Child contracts rare disease after swimming in Essex river

Leptospira bacteria
Leptospira bacteria - KATERYNA KON/SCIENCE PHOTO LIBRARY

A child contracted the rare Weil’s disease after swimming in a river, an Essex council has said.

Dedham parish council said the student “suffered a severe infection after swimming in the River Stour at Dedham, and has been very poorly”.

In a letter published online, the authority said it was a “confirmed case of Weil’s disease (leptospirosis), which can be very serious”.

The disease is spread in the urine of infected animals, most commonly rats, mice, cows, pigs and dogs.

People can contract Weil’s disease if soil or fresh water gets in their mouth, eyes or a cut.

Most people who get Weil’s disease have no symptoms or mild flu-like symptoms, but some people become seriously ill, according to the NHS.

Symptoms may include high temperature, headache, body aches and pain, stomach ache, feeling or being sick, diarrhoea, redness in the whites of your eyes and yellowing of the skin or whites of the eyes.

People who may have been exposed to infected urine and are displaying symptoms are advised to see a GP.

The River Stour straddles the Suffolk and Essex border and has been painted by the artists John Constable and Thomas Gainsborough.

Dedham Parish Council said the Environment Agency is monitoring the river.

The Environment Agency has been approached for comment.

The council added that local environmental group PACE Manningtree (Practical Actions for Climate and the Environment) is “investigating the impact of untreated sewage released into the river by the sewage works at Dedham”.

Polluted rivers and coasts

The case comes amid growing anger over the polluted state of England’s rivers and coasts.

The council said it wanted to warn, “in addition to the risks of Weil’s disease and pollution”, of several other “serious safety concerns” about a site at the river at Mill Lane.

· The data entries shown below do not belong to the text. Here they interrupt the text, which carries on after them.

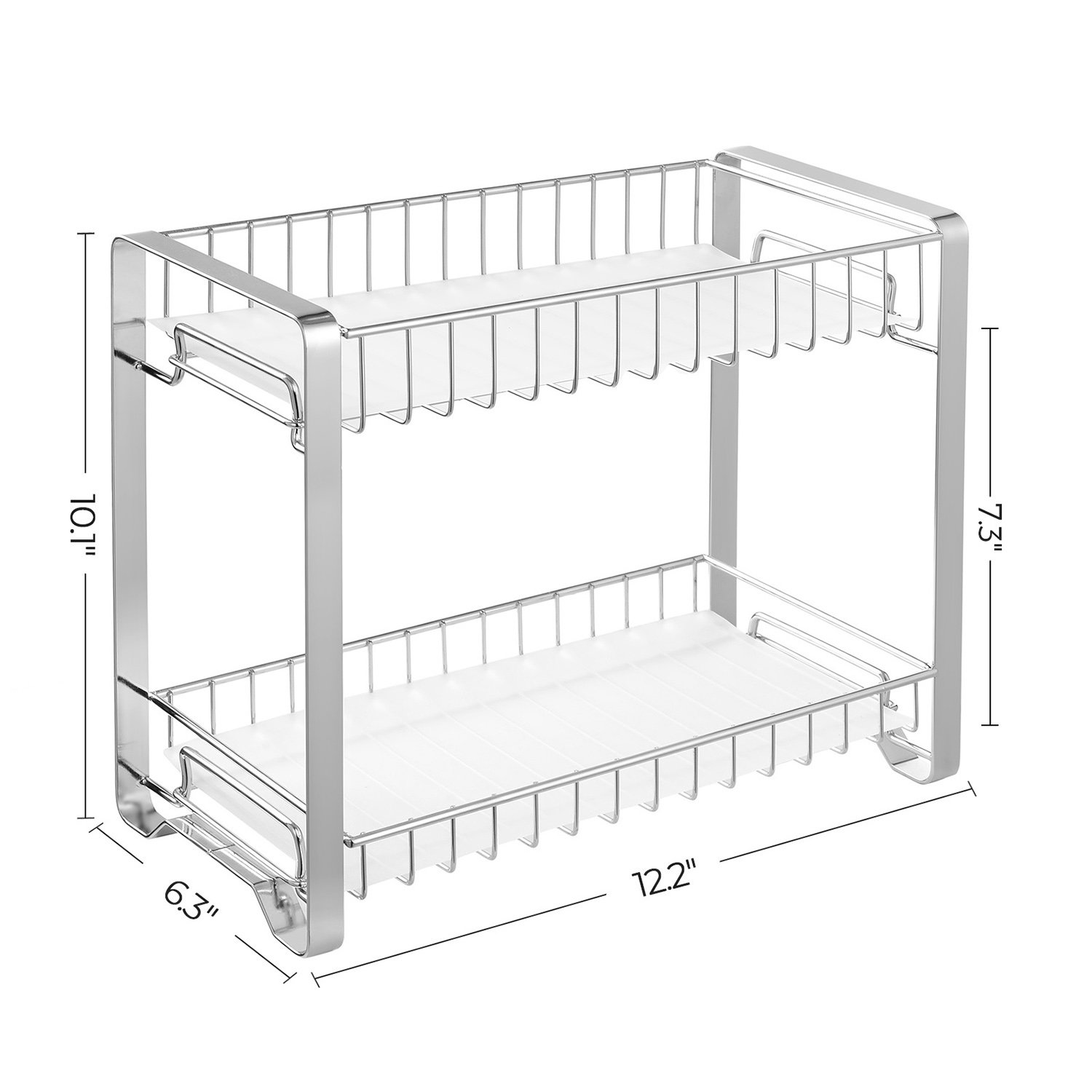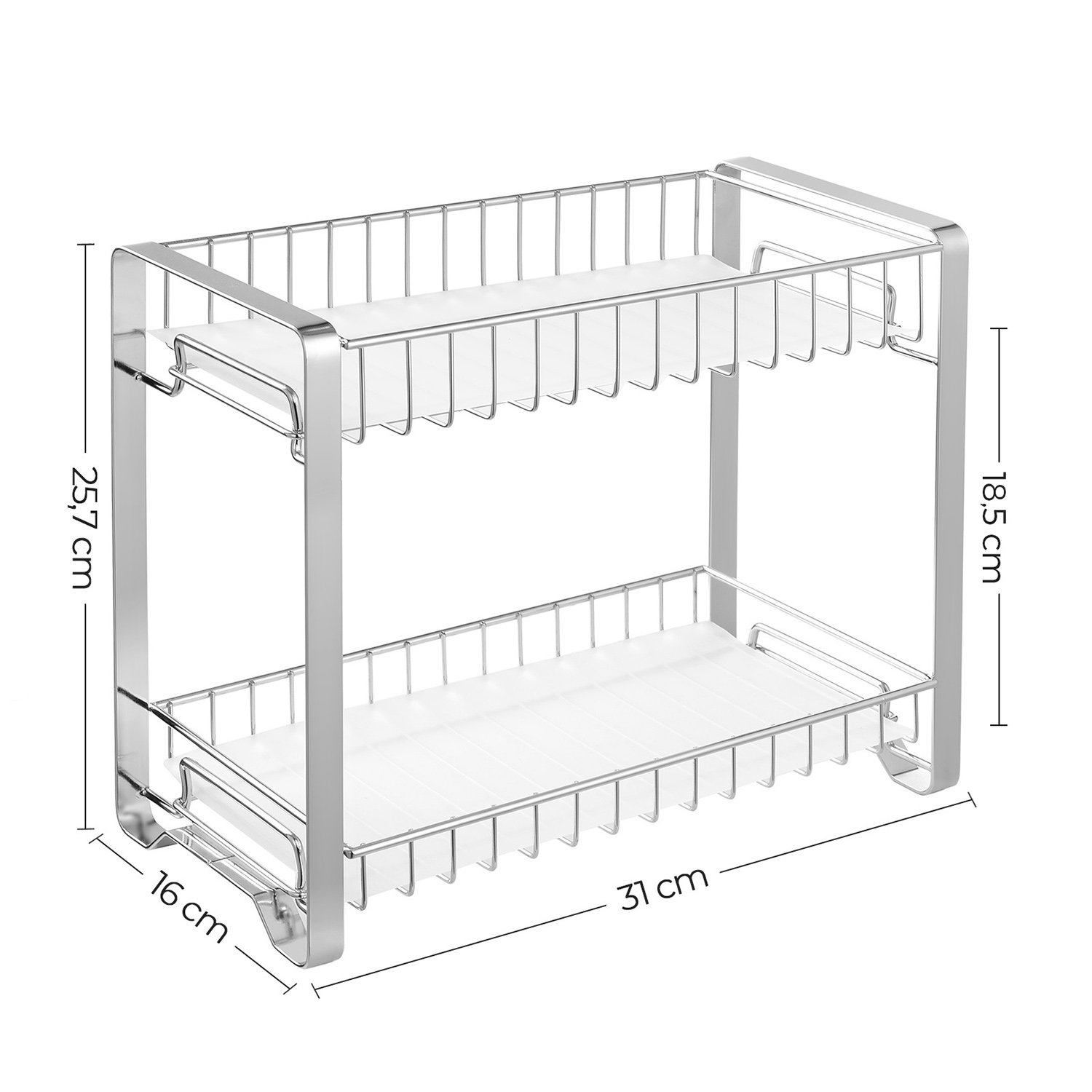 Specifikationer:Färg: SilverMaterial: StålProduktstorlek: 31 x 16 x 25,7 cm (L x B x H)Produktvikt: 0,9 kgFörpackningens innehåll:1 x Kryddhylla2 x Plasthylla4 x Halkfria fötter1 x Instruktioner (EN, DE, FR, ES, IT)
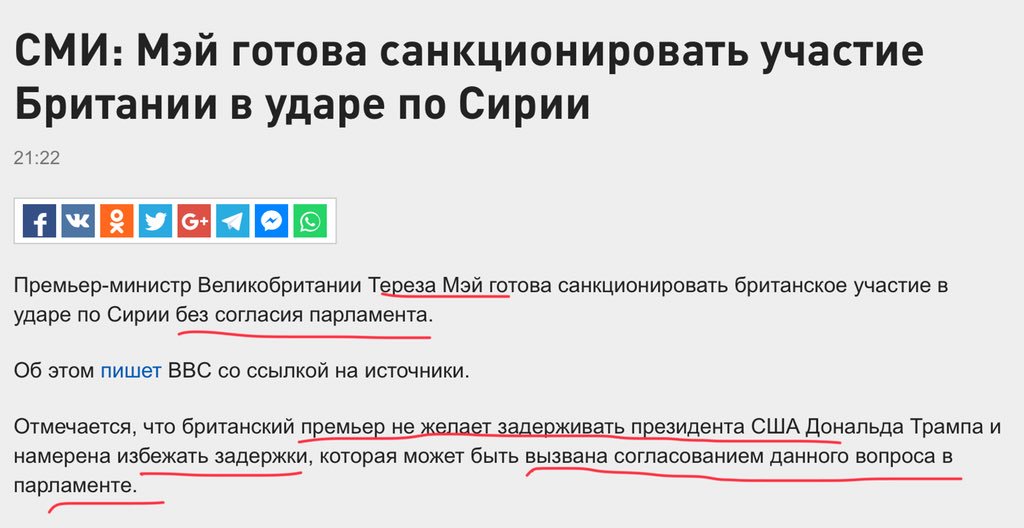 Премьер-министр Великобритании Тереза Мэй отдала приказ направить британские подлодки на расстояние ракетного удара по Сирии. Об этом пишет The Daily Telegraph. Отмечается, что удар по территории Сирии может быть нанесён в четверг, 12 апреля. По данным издания, Мэй также созвала срочное совещание кабинета, прервав пасхальные каникулы министров. https://russian.rt.com/world/news/502279-sm...t.co/LzmZbswo6O Дебилы, блять. -------------------- «В горячем споре равно жалко
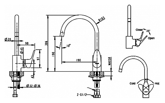 - поворотный излив длиной 19 см
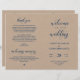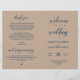 This is the foldable wedding ceremony program card, in Navy Blue elegance classy script, rustic brown kraft theme.

These include a report that a young boy “gashed his foot open” last weekend, with litter including glass bottles and cans regularly left in the area and posing a hazard.

There are also reports of metalwork underneath a bridge where many children jump from, and where the water can be “dangerously shallow”.

Meanwhile, around 16,000 households and businesses in the Brixham area of Devon have been told not to use their tap water for drinking without boiling and cooling it first due to cases of a waterborne disease caused by a microscopic parasite.

The UK Health Security Agency said last week that 46 cases of cryptosporidium had been confirmed and that more cases were anticipated.